Browser & Frontend Runtime WEB · 02 · 08

Production observability: LoAF, INP, and the full attack surface

LoAF and INP in production telemetry, off-main-thread scroll, display locking, reduced-motion, Web Workers, Service Workers, CI testing, and the complete render-pipeline attack surface.

WEB Senior ◷ 18 min

Level

FoundationsJuniorMiddleSenior

Your page scores 95 on Lighthouse in the office. On a user’s Pixel 4a in Jakarta with 3G throttling, the INP is 340 ms. These are two different measurements of two different things. Only one of them matters.

LoAF and INP: two complementary signals

PerformanceLongAnimationFrameTiming (LoAF, shipped 2023–2024 in Chromium) reports any frame that took longer than 50 ms, with a breakdown of what dominated: render time, blocking JS, forced layout. It is a diagnostic tool — it tells you what ran long, not what the user felt.

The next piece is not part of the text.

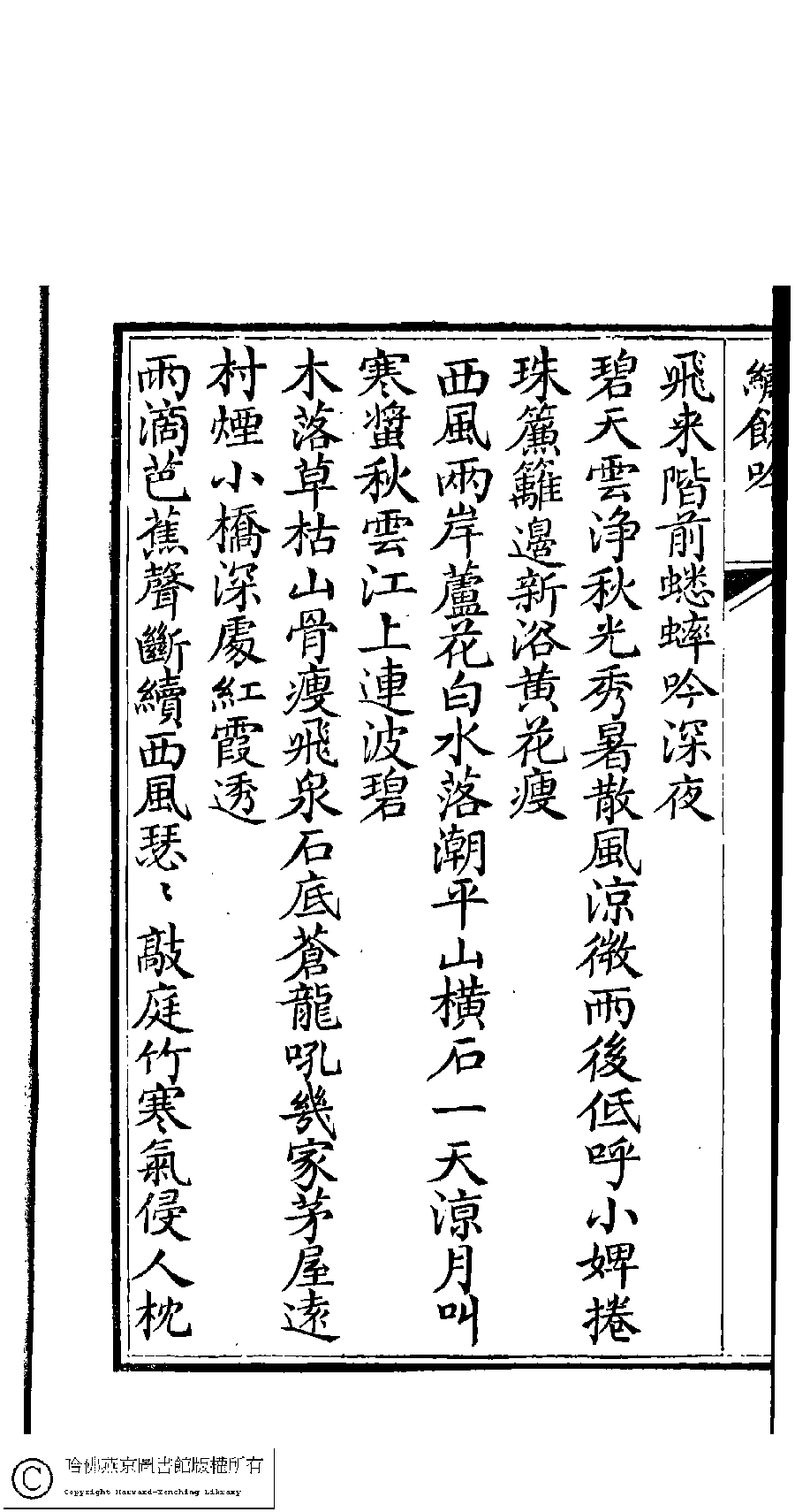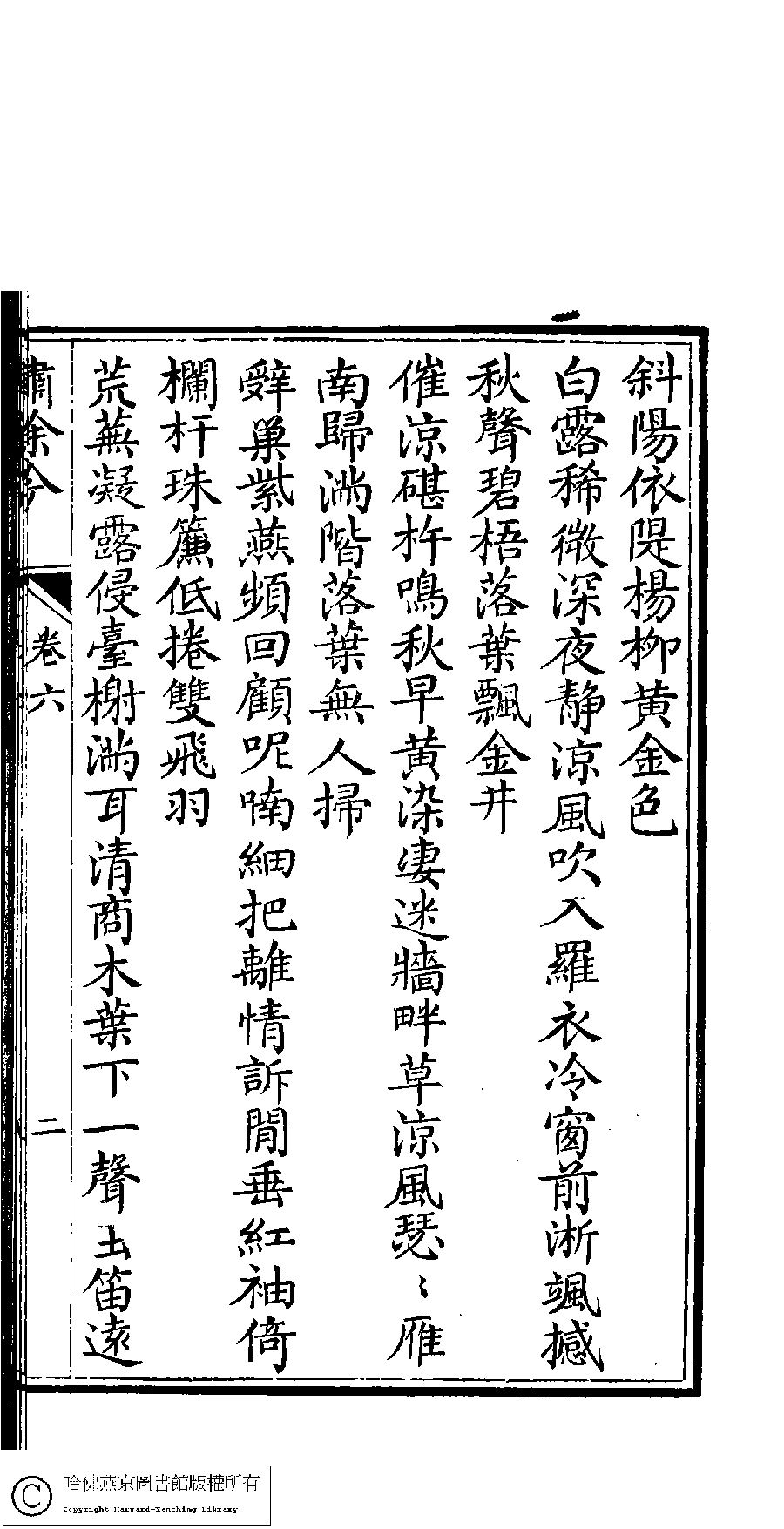 | 原書: 繡餘吟﹕六卷﹐附詩餘一卷(清馮思慧撰) |
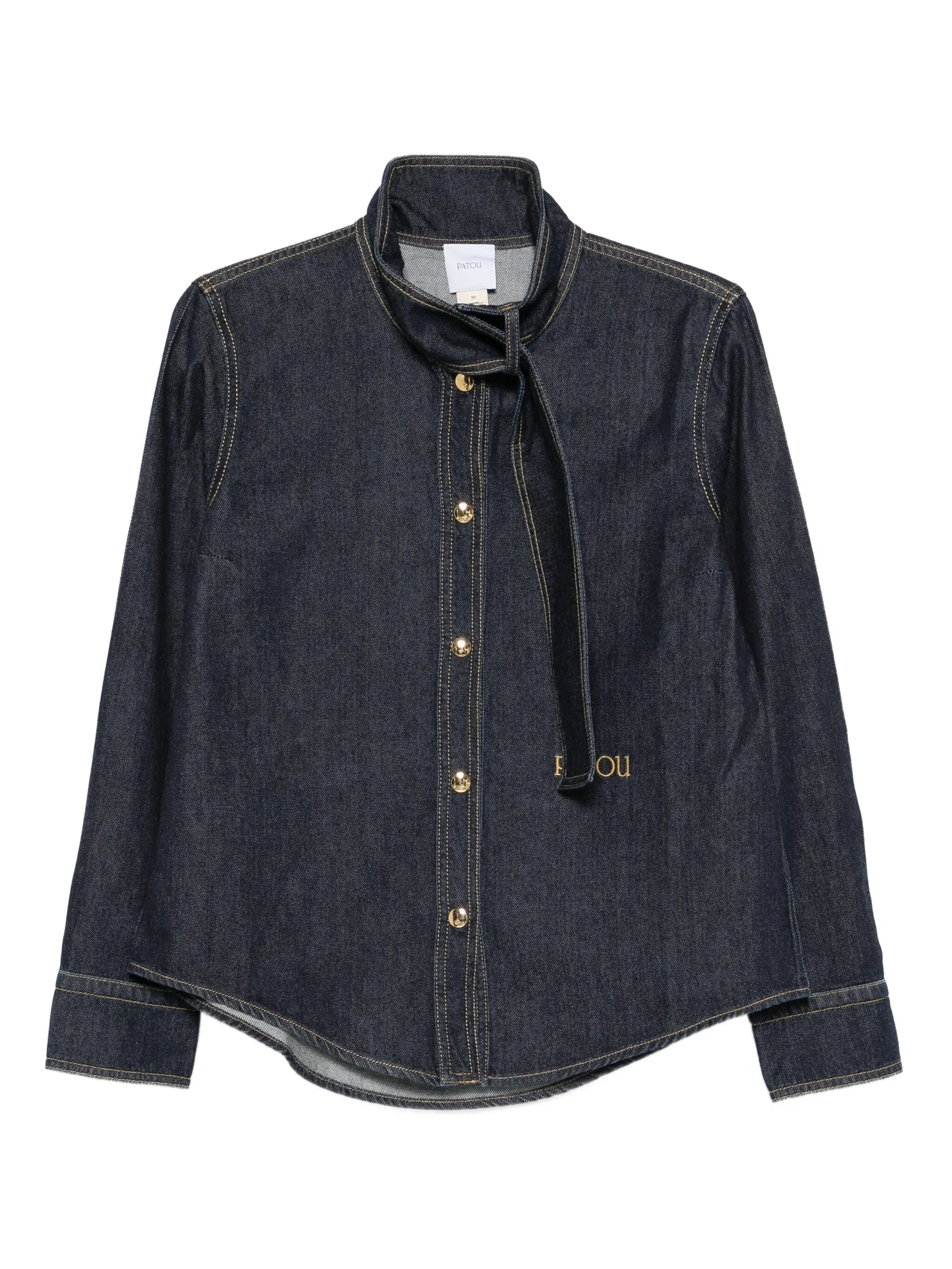 blue tie neck button fastening long sleeves curved hem embroidered logo - Color: BLUE - Made in: Tunisia - Designer Style ID: BL045022 642B Composition and care Cotton: 72.0%, Viscose: 28.0%

INP (Interaction to Next Paint) measures the time from a user input event (click, key, tap) to the next paint that visibly responds. INP became a Core Web Vital in March 2024, replacing FID. A poor INP score (>200 ms p75) almost always traces to one of two pipeline problems:

A long JS task on the input handler delaying rAF
A forced sync layout from reading geometry inside the handler

LoAF gives you the data to attribute these in production; INP gives you the metric the user feels. Together they close the loop from production telemetry back to specific pipeline diagnostics.

INP diagnosis path

INP > 200 ms — user perceives sluggish interactions

↓ investigate with

LoAF — which frame, what dominated (JS / layout / render)

↓ maps to

Long JS task in handler → yield with scheduler.yield() or split with setTimeout

Forced sync layout in handler → two-pass read/write batch

INP measures the latency the user felt; LoAF attributes the slow frame back to a pipeline cause. Each cause maps to one targeted fix — yielding for a long JS task, a two-pass batch for a forced layout. This closes the loop from production telemetry to a code change.

Off-main-thread scroll

You might think scroll is always “free” because users experience it as instant. When you find out it isn’t, understanding why it fell back to the main thread tells you exactly how to fix it.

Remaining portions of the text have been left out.